The North Pacific Fishery Management Council is recommending to Congress that Bering Sea crab fisheries be managed under a quota system in which fishermen are allocated individual fishing quotas and seafood processors are awarded individual processor quotas to buy and process the catch. This proposed system requires fishermen to sell at least 90 percent of their catch only to processing companies holding processor quota.

Processor quota is government allocation of market share to certain corporations, a policy strictly forbidden by federal law in other industries. In fact, Congress would have to exempt seafood processors from federal anti-trust laws in order to allow corporations to be granted a piece of the market.

Processor quota will create cartels by limiting participation in the market to a select pool of companies.

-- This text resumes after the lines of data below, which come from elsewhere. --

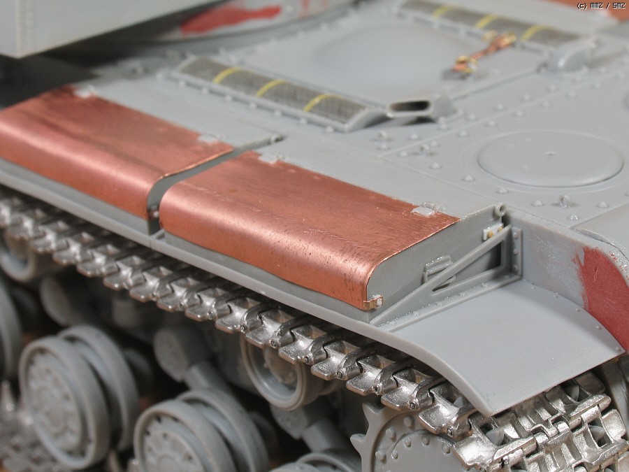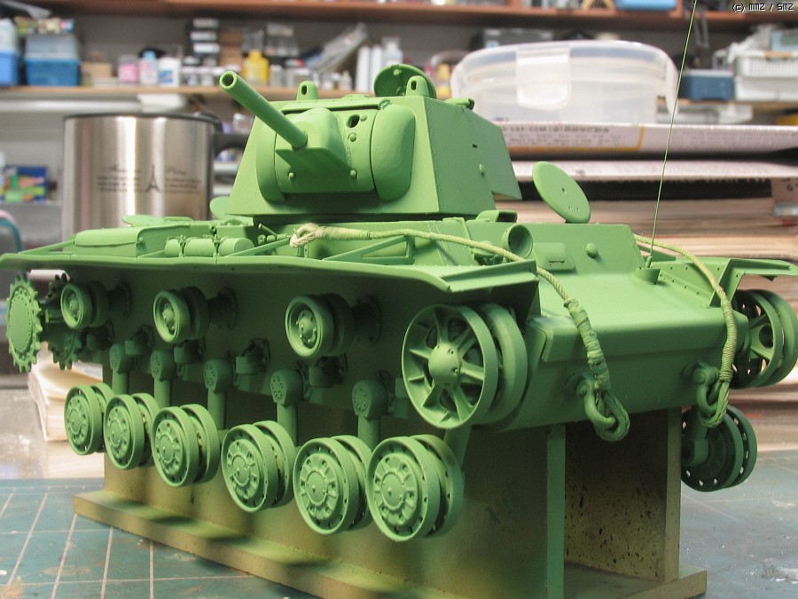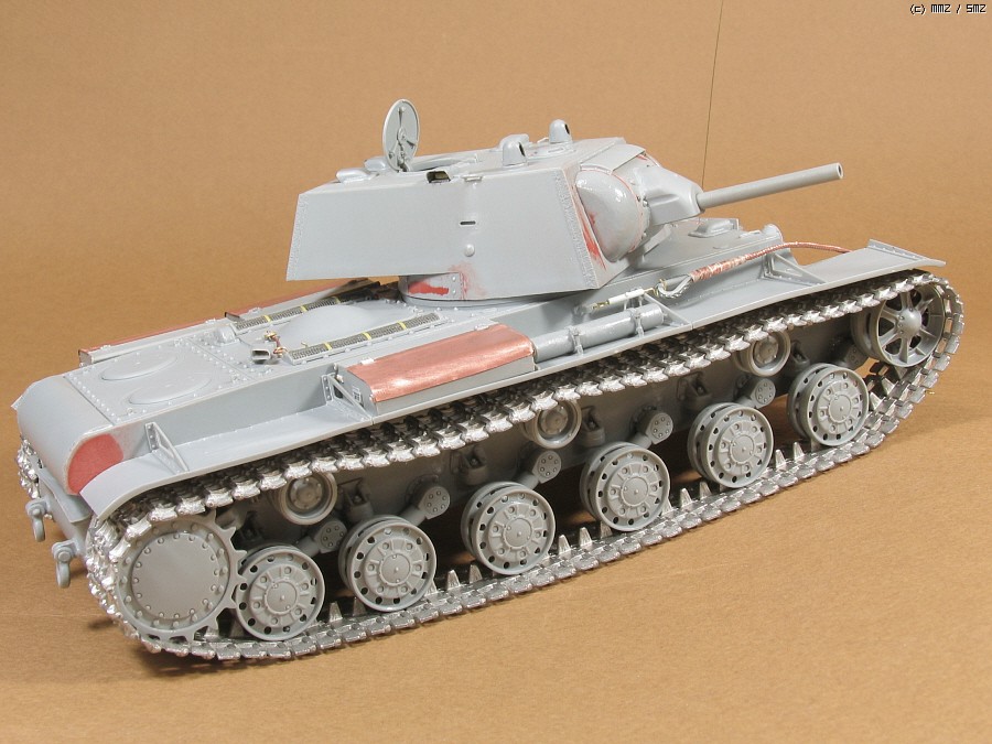 펜더 구부리다 짜개져서 땜방했고, KV-1 1939년형의 특징인 전방 총안구는 키트에 부품이 있습니다. 쇠사슬 추가.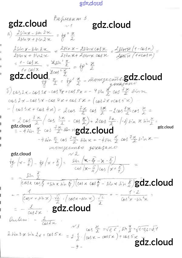 КР-5 Ответы к Контрольным работам по Алгебре 10 класс Контрольные работы Глизбург Базовый и углубленный уровень Мнемозина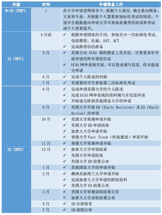 大学申请是一项长期有序的工作,申请人必须根据自己意向申请的国家、大学和专业做相应不同的准备工作。下面我们以现在就读于广州亚加达国际预科的IB课程学生为例子,大致罗列出IB学生申请的时间节奏和相对应的准备工作。
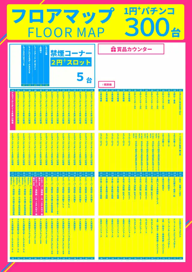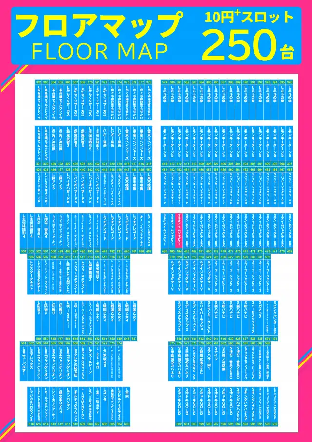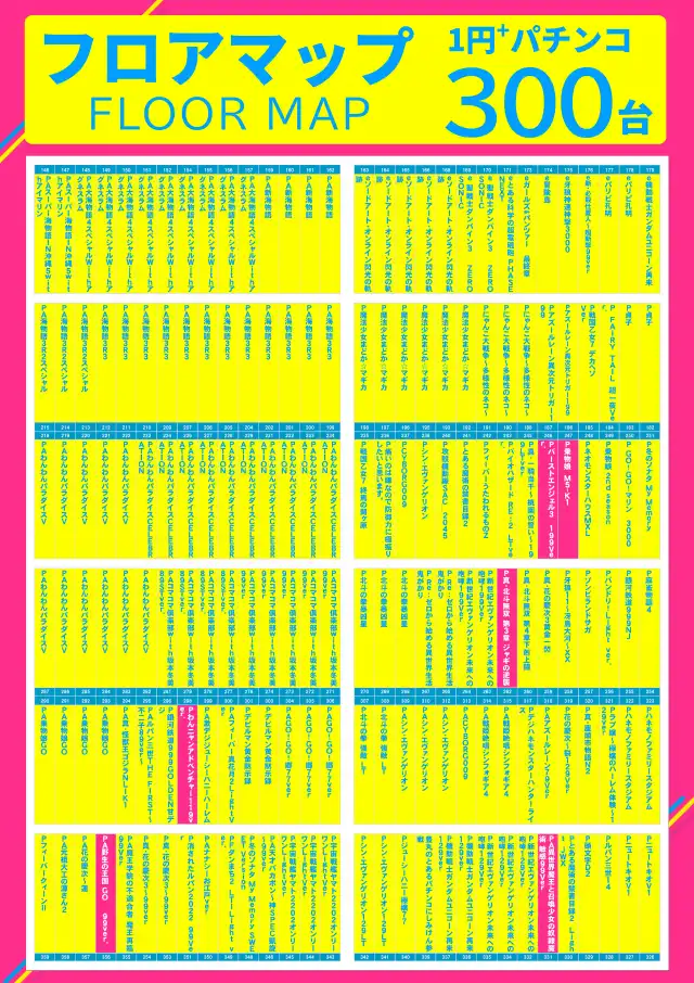 - [1.11]パチ:300台 [11.1]スロ:250台 [None]スロ:5台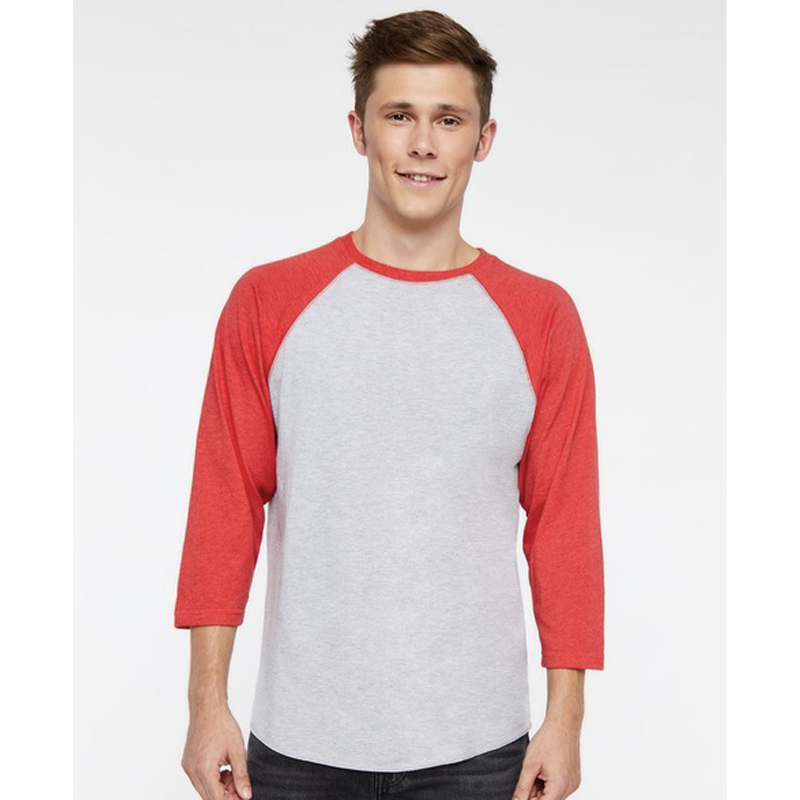 100% combed ring-spun cotton, 30 singles. Flatlock stitched ribbed collar and raglan armholes. Side seams. Contrast double-needle stitched sleeves. Easy-moving three-quarter length raglan sleeves. Raw-serged shirttail hem. EasyTear label. Apparel colors and sizes may be assorted in any breakdown. Pricing includes your one-color, one-location imprint. Quotes for additional imprint colors, decoration locations, or embroidery are available upon request. Contact us for reduced pricing on higher volume quantities. Set Up: $38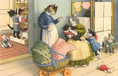 KC-148 Crazy Cats in Domestic Porch Scene - Vintage Image

Processors would be able to freely buy, sell and lease quota, and the recommendation of the NPFMC would allow consolidation to proceed until there are only two processors remaining in operation.

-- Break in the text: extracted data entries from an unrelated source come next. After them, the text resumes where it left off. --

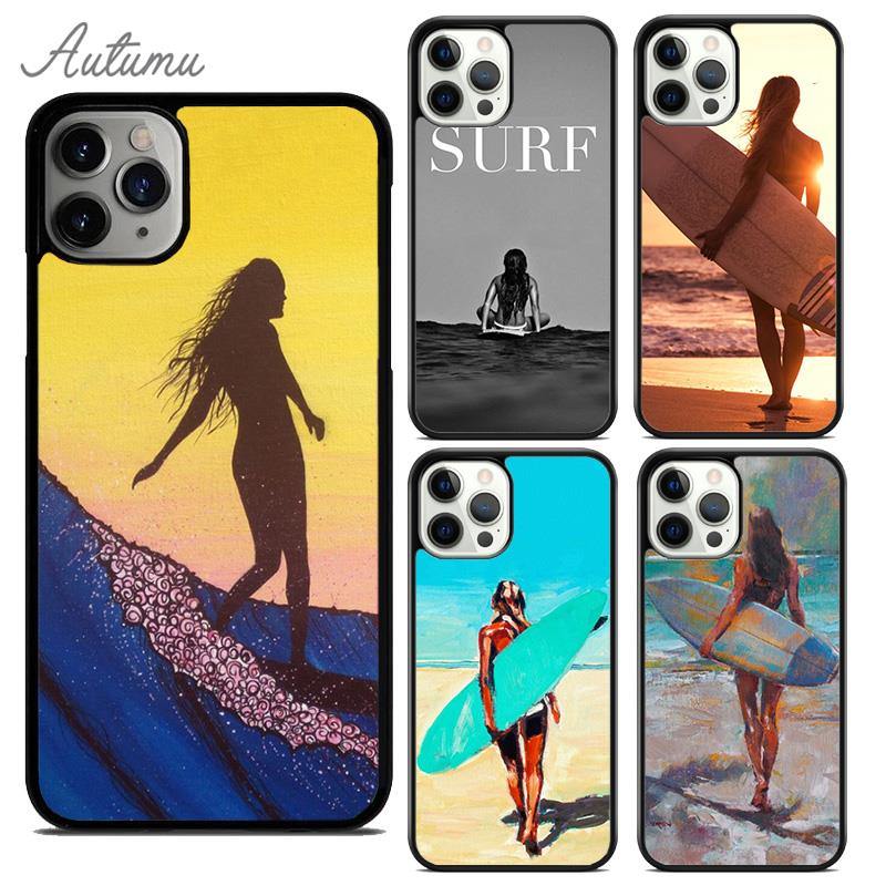 HAWAII BEACH SURF GIRL SURFING ART Phone Case for iPhone 17 Air 15 16 16e 11 12 13 14 Pro Max Plus Cover coque Fundas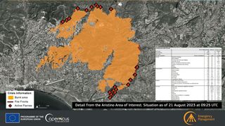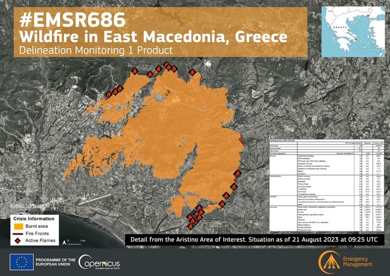 Incendii Grecia, 22 august HARTA - Scopul activării este producerea de hărți și date ale regiunii afectate, pentru a sprijini activitatea agențiilor implicate în gestionarea situațiilor de urgență și gestionarea consecințelor incendiului.
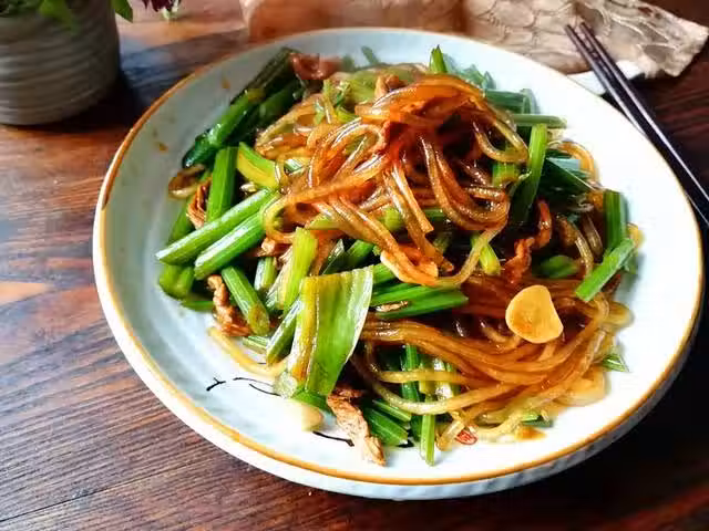 材料:芹菜500克、粉條1把、豬肉100克、油鹽適量、蔥1段、姜2片、大蒜2瓣、醬油2湯匙、料酒1湯匙、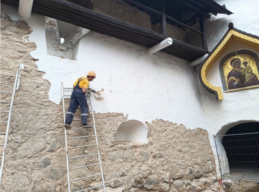 Работы проводятся снаружи и внутри монастыря. Специалисты удаляют штукатурный слой со стены на участке от башни Святых ворот до церкви Николы Вратаря.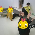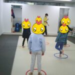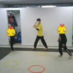 フープにボールを入れる時には「ただいま」と言いながら行いました。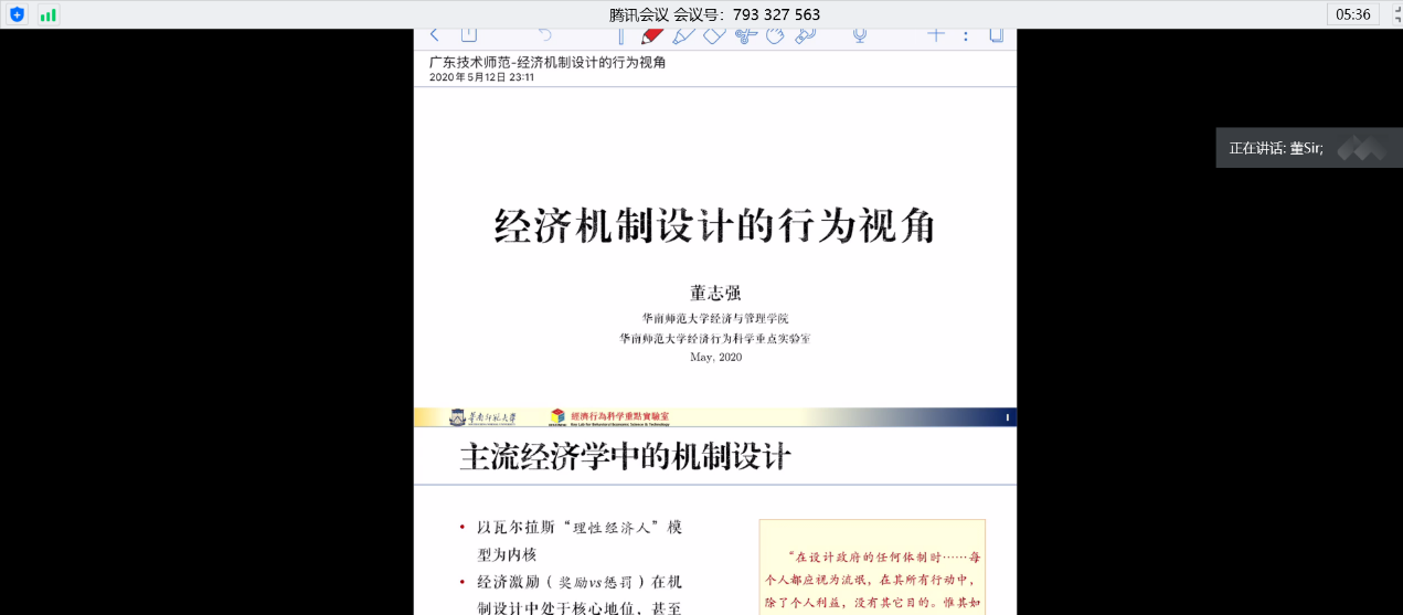 为更好地提升我校研究生科研能力及培养质量,2020年5月13日晚19:30分,我院邀请了华南师范大学经济与管理学院副院长,珠江学者,博士生导师董志强教授给会计硕士和教育硕士(财经商贸)研究生开设网上讲座《经济机制设计的行为视角》。taptap点点体育副院长林欣、taptap点点体育部分老师及taptap点点体育50多名研究生参加了讲座。
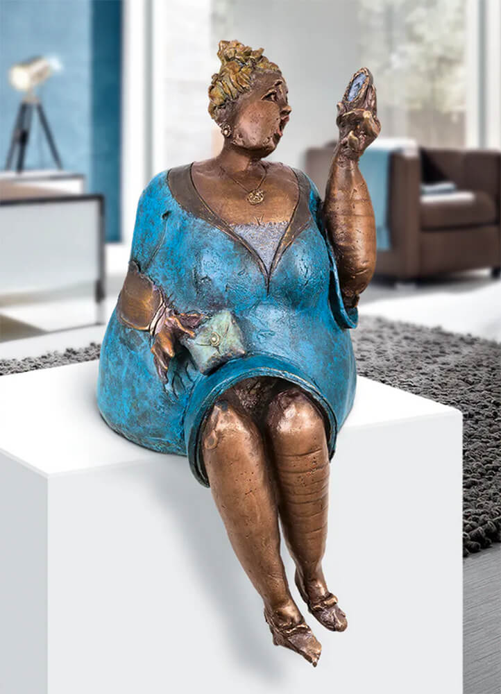 Sitzende Bronze Dame für Podeste und Fensterbänke - Koketa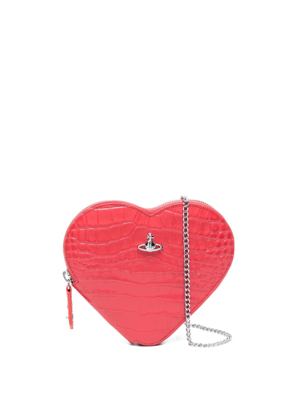 coral croc-effect orb logo chain-link shoulder strap zip fastening heart shape This piece comes complete with a protective dust bag.

Some of the largest multinational processing corporations doing business in the United States will reap the greatest windfall. In the highly prized red king crab fishery, 49 percent of the processor quota would immediately go to five foreign-owned companies. This program facilitates corporate consolidation and anti-competitive behavior.

Why would we want to use Alaska's public resources to help corporate giants gain even more political and economic control?

If Congress approves the Bering Sea crab plan, fishermen will be required to sell their catch to particular companies who own processor quota. The public will find fishery management and local government decisions increasingly dominated by a small number of corporations that have tremendous influence and little regard for the public interest.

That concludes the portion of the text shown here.